PANAMá VISITA A LAS COMUNIDADES INDíGENAS
Ngöbes, kunas y emberás son tres de las comunidades indígenas de Panamá, que conservan sus tradiciones a pesar del avance de la tecnología y el turismo, con el que aprendieron a vivir y convivir de manera sustentable.
› Por Guido Piotrkowski
Fotos de Guido Piotrkowski
El país más angosto de América puede ser también el país más diverso. Con más de tres millones de habitantes, la población de Panamá está compuesta mayoritariamente por mestizos y mulatos, mientras los pueblos originarios representan un seis por ciento de la población.
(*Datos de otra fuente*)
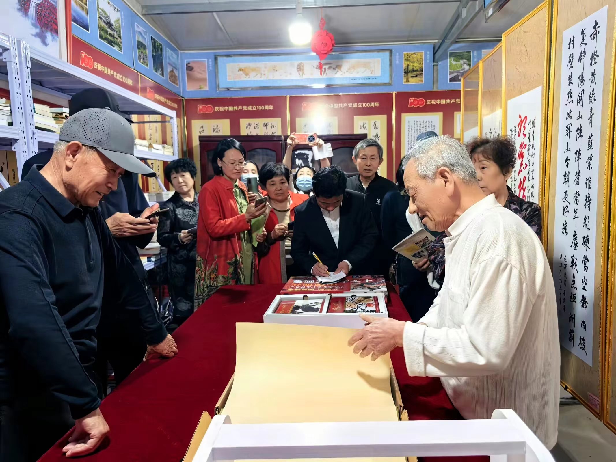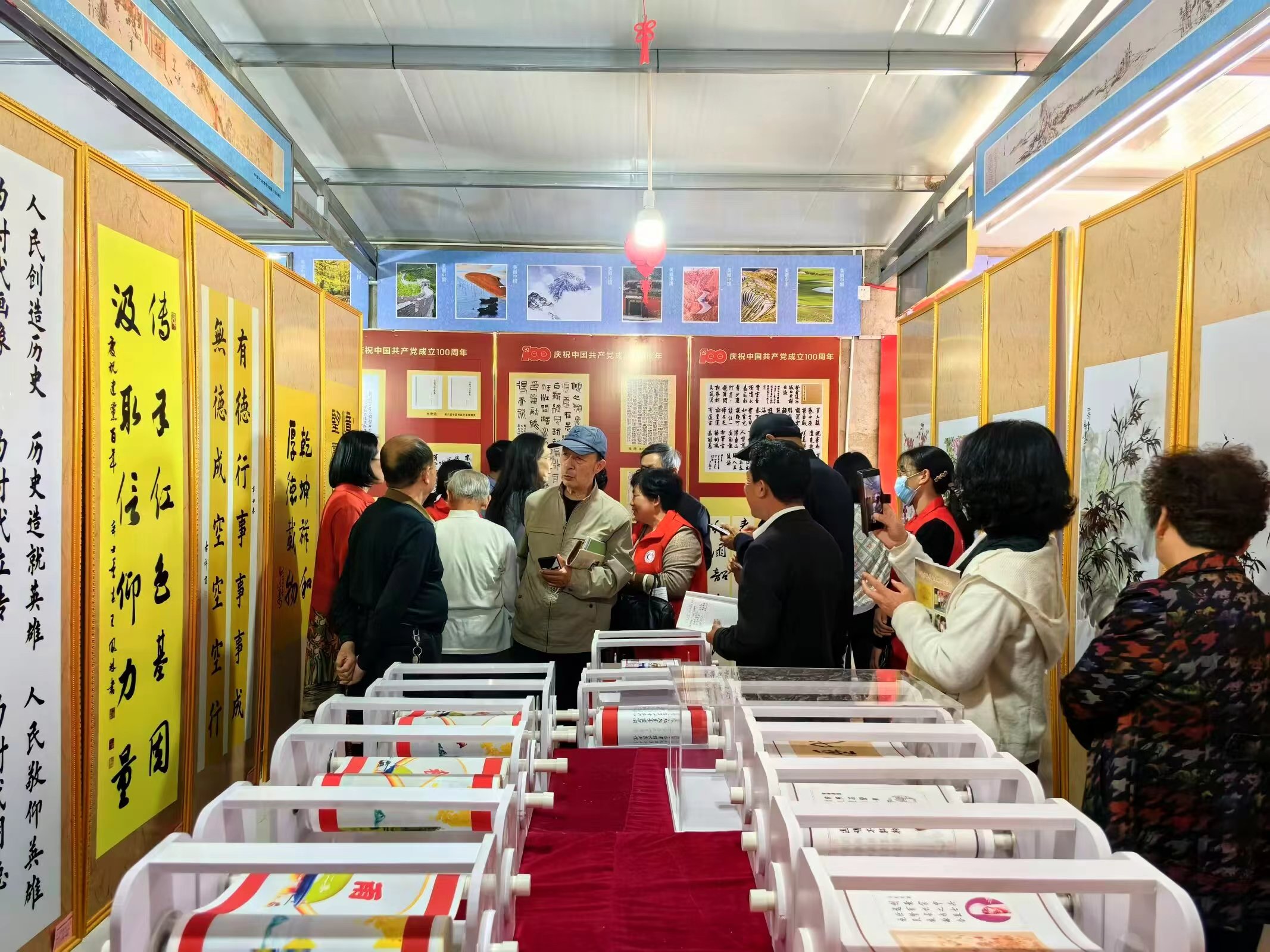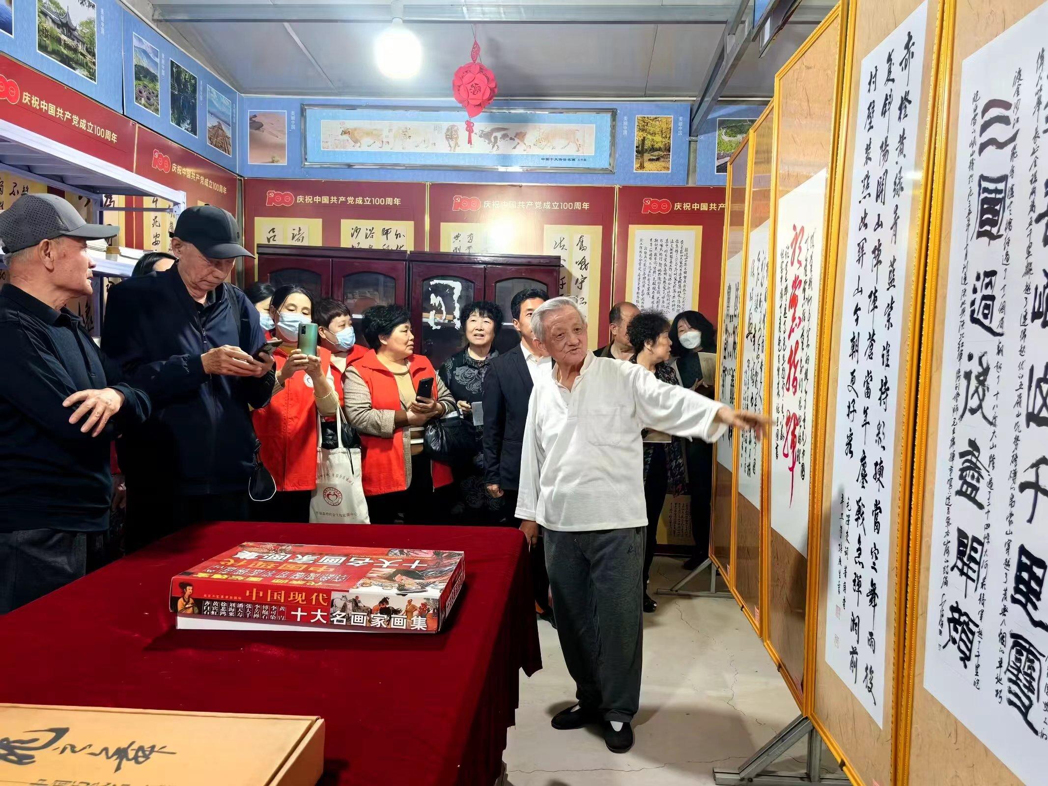 “在党半世纪,赞歌颂忠魂。”为庆祝伟大的中国共产党百年华诞,2021年,孙中杰老人又在功德颂展馆东侧创建了书画作品展览馆,并承办了全市书画界建党百年作品展。他亲自布展,当时共展出全国各地书画名家佳作81幅,件件功力深厚,幅幅主题鲜明,吸引了众多的参观者。小村庄里办大展,传为一段佳话。

Existen siete etnias diferentes: ngöbe, buglé, guna, emberá, wounaan, bribri y naso, que se dividen en cuatro grupos principales: los indios gunas o kunas, los emberá/wounaan, los ngöbe y buglé, los naso teribe/bribri. Muchos de ellos habitan en alguna de las cinco comunidades autónomas que hay a lo largo del territorio panameño.
Como una nueva forma de subsistencia, abren las puertas de sus hogares al turismo, enseñando y preservando su cultura al mismo tiempo. Así, comparten con el visitante sus creencias y tradiciones, su música y sus danzas. Cuentan de sus luchas y su organización política y social.
Algunas comunidades tienen contactos con agencias de turismo que organizan excursiones, y en algunos de los poblados es posible alojarse. Sin embargo, para llegar a otros sitios, hay que arreglarse por cuenta propia.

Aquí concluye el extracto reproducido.